Each line of the listing where the string "that" appears is to be identified and copied.

• **Source information**:
++++++
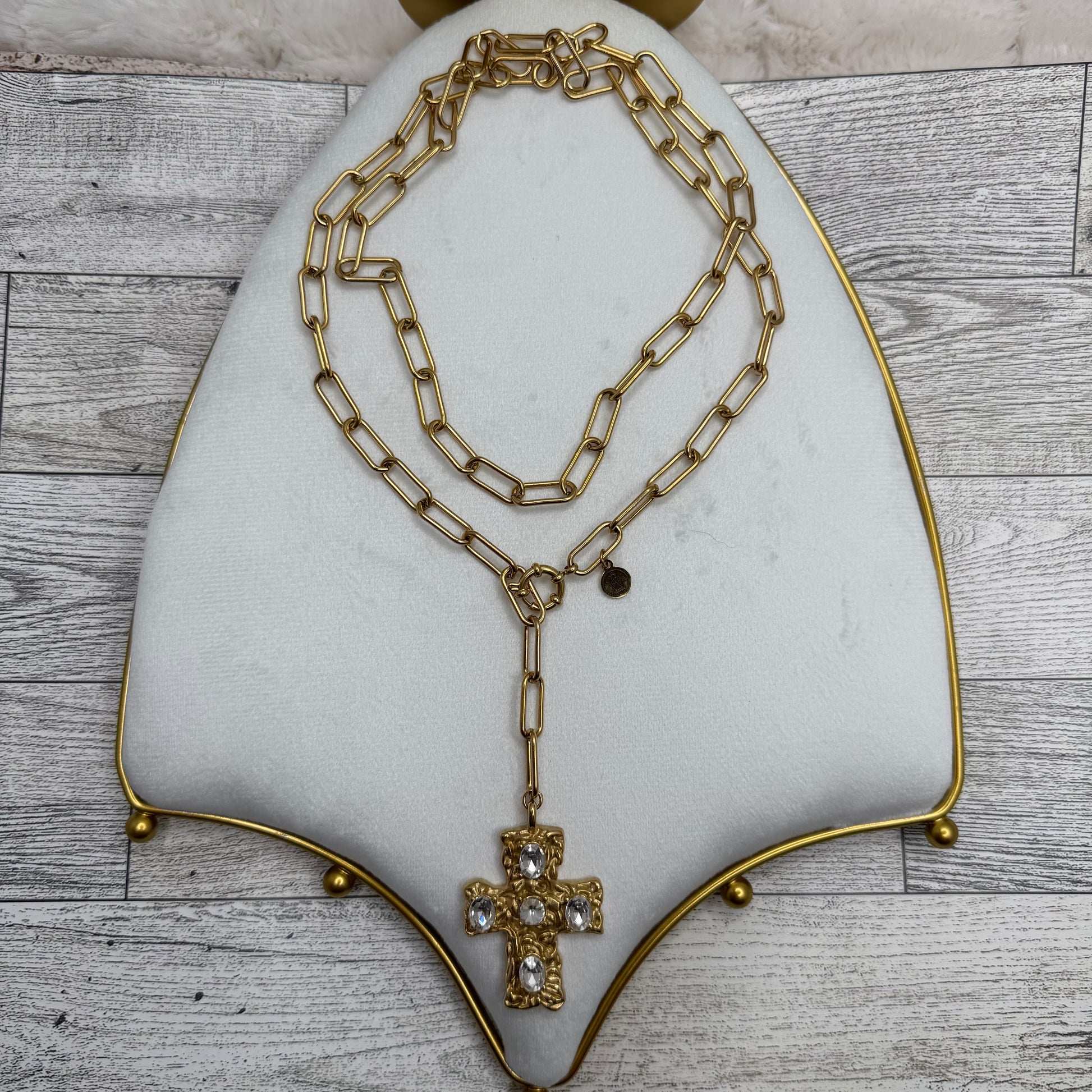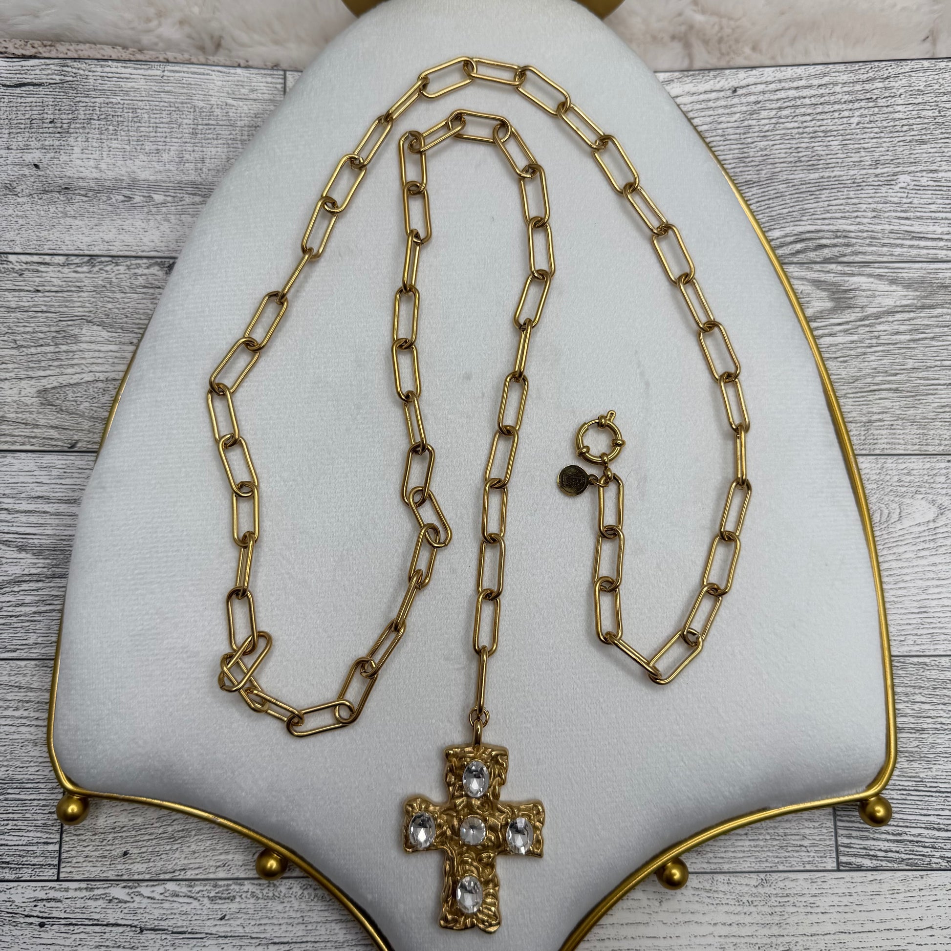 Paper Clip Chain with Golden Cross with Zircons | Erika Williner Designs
++++++
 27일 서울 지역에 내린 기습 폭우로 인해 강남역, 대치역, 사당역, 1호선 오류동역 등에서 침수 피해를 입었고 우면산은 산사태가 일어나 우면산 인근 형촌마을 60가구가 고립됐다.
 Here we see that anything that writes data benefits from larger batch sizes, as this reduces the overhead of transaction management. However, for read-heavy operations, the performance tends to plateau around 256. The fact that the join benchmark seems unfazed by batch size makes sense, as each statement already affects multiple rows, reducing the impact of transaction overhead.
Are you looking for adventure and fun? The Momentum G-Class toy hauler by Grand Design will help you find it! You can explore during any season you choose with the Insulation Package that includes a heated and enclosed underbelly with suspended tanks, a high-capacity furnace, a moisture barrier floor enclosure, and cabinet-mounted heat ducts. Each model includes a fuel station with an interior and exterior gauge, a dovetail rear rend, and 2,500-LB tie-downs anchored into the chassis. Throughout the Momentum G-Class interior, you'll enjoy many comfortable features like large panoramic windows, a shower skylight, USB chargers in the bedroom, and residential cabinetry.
++++++
• **Response for this exercise**:
 Here we see that anything that writes data benefits from larger batch sizes, as this reduces the overhead of transaction management. However, for read-heavy operations, the performance tends to plateau around 256. The fact that the join benchmark seems unfazed by batch size makes sense, as each statement already affects multiple rows, reducing the impact of transaction overhead.
Are you looking for adventure and fun? The Momentum G-Class toy hauler by Grand Design will help you find it! You can explore during any season you choose with the Insulation Package that includes a heated and enclosed underbelly with suspended tanks, a high-capacity furnace, a moisture barrier floor enclosure, and cabinet-mounted heat ducts. Each model includes a fuel station with an interior and exterior gauge, a dovetail rear rend, and 2,500-LB tie-downs anchored into the chassis. Throughout the Momentum G-Class interior, you'll enjoy many comfortable features like large panoramic windows, a shower skylight, USB chargers in the bedroom, and residential cabinetry.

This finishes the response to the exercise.